[[ Information provided, beginning ]]

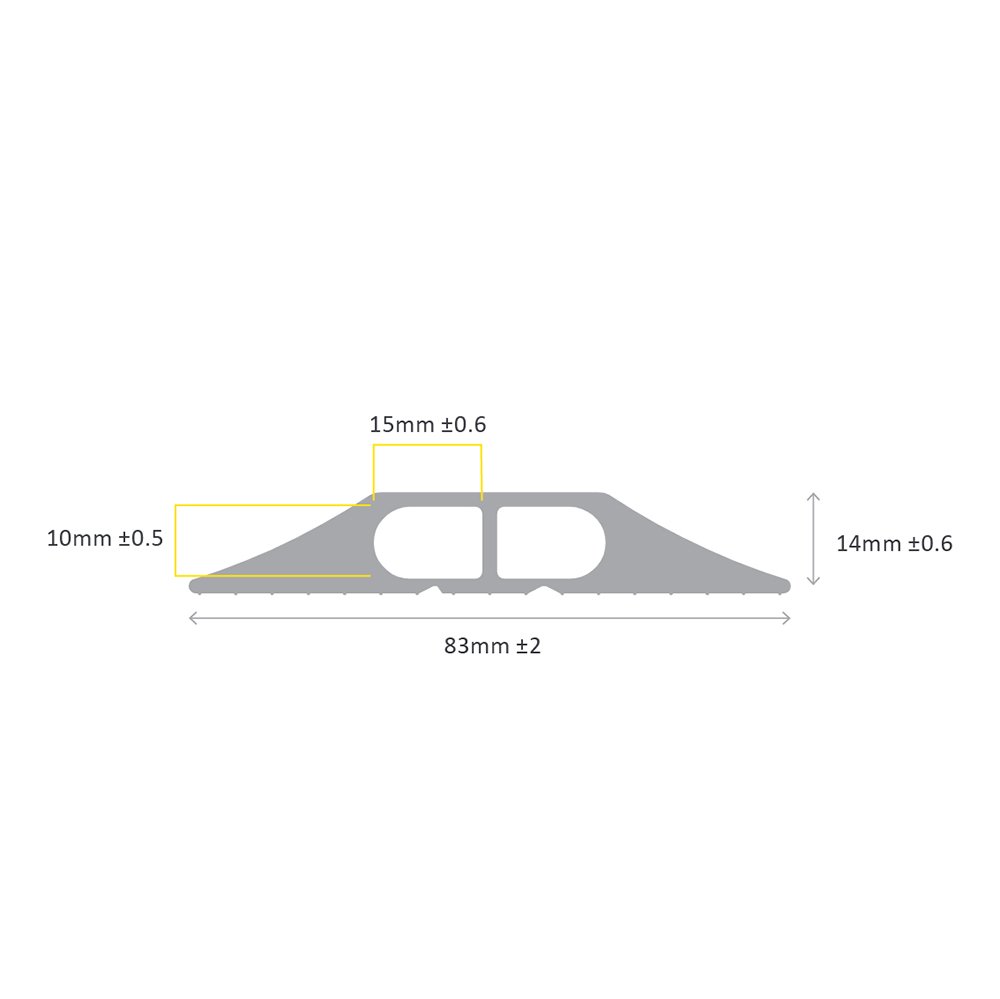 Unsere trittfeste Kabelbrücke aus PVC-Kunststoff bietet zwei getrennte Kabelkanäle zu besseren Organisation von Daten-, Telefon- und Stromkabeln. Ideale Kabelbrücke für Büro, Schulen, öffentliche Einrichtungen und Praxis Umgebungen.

[[ Information provided, end ]]
[[ Information provided, beginning ]]

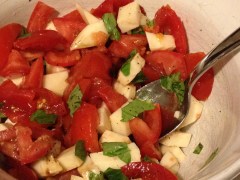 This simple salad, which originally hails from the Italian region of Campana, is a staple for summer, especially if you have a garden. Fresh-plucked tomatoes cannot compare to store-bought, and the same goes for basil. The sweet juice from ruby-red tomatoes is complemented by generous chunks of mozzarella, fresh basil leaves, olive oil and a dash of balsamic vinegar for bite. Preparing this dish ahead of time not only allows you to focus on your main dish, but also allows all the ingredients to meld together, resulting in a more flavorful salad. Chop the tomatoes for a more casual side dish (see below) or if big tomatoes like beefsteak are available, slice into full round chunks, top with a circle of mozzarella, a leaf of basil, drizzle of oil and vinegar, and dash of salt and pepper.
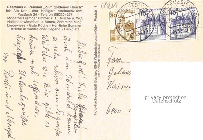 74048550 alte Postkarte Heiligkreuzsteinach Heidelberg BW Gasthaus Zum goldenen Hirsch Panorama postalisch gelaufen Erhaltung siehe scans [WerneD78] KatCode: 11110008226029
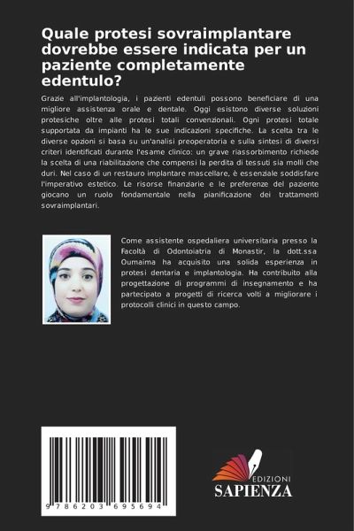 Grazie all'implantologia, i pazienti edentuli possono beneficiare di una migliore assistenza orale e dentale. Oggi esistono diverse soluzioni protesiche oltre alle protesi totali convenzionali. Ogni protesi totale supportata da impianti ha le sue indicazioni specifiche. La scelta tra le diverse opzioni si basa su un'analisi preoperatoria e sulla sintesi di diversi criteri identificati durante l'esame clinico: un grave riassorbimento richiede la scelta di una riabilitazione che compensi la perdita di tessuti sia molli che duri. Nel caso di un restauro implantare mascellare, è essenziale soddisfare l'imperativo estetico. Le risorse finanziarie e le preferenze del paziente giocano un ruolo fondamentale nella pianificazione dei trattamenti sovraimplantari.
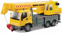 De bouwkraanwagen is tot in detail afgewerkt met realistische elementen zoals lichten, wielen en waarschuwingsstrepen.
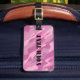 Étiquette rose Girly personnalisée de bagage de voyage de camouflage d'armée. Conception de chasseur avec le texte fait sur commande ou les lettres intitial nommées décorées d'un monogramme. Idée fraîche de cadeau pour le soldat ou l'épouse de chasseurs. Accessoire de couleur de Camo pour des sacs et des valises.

[[ Information provided, end ]]
[[ Information provided, beginning ]]

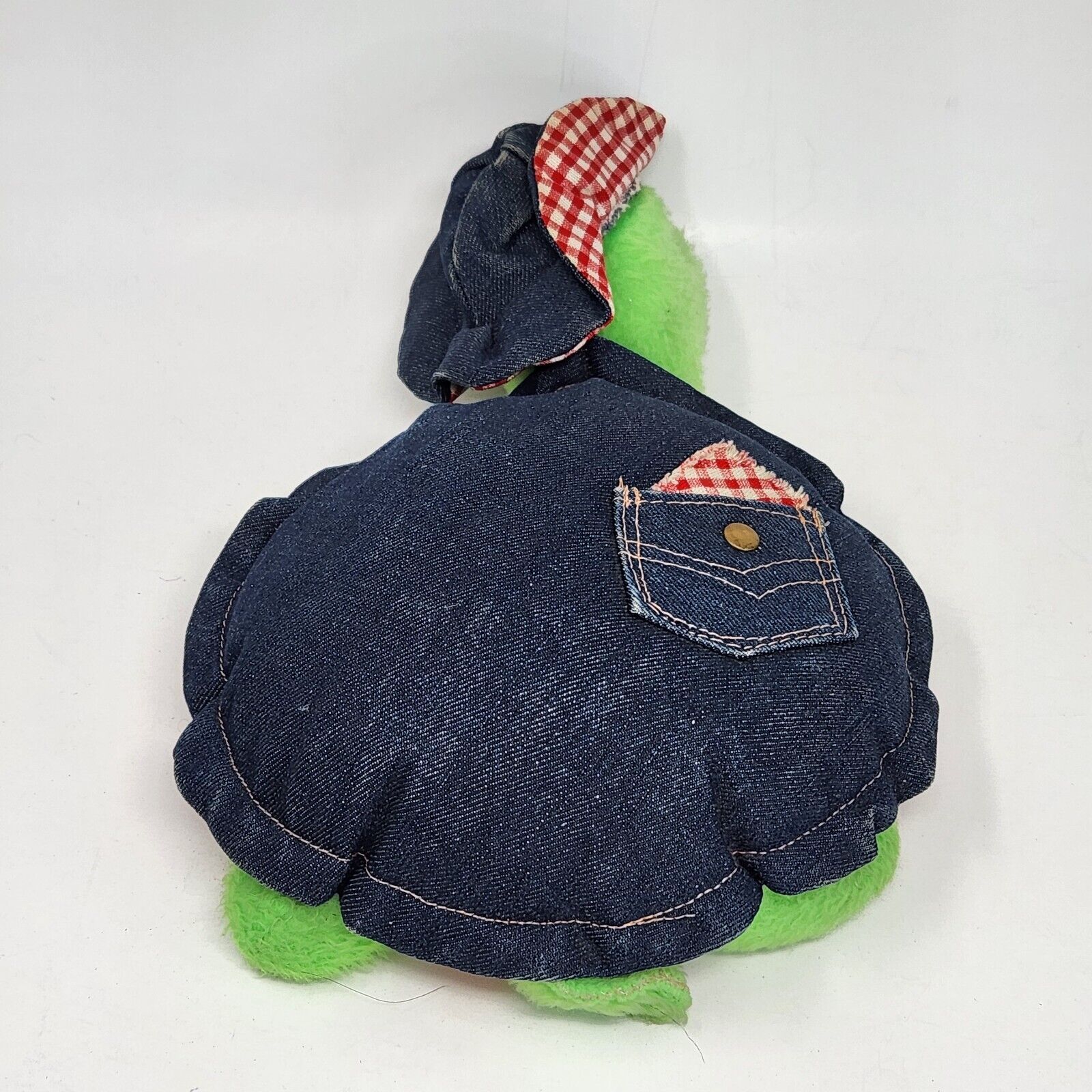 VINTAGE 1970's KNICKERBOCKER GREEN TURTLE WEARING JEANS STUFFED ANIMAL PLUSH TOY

[[ Information provided, end ]]

Task goal: Using the data above, which lines fall from the one with "Grazie all'implantologia, i" through the one with "Étiquette rose Girly"? Repeat them exactly, ends included, minus any pictures.

Response area:
 Grazie all'implantologia, i pazienti edentuli possono beneficiare di una migliore assistenza orale e dentale. Oggi esistono diverse soluzioni protesiche oltre alle protesi totali convenzionali. Ogni protesi totale supportata da impianti ha le sue indicazioni specifiche. La scelta tra le diverse opzioni si basa su un'analisi preoperatoria e sulla sintesi di diversi criteri identificati durante l'esame clinico: un grave riassorbimento richiede la scelta di una riabilitazione che compensi la perdita di tessuti sia molli che duri. Nel caso di un restauro implantare mascellare, è essenziale soddisfare l'imperativo estetico. Le risorse finanziarie e le preferenze del paziente giocano un ruolo fondamentale nella pianificazione dei trattamenti sovraimplantari.
 De bouwkraanwagen is tot in detail afgewerkt met realistische elementen zoals lichten, wielen en waarschuwingsstrepen.
 Étiquette rose Girly personnalisée de bagage de voyage de camouflage d'armée. Conception de chasseur avec le texte fait sur commande ou les lettres intitial nommées décorées d'un monogramme. Idée fraîche de cadeau pour le soldat ou l'épouse de chasseurs. Accessoire de couleur de Camo pour des sacs et des valises.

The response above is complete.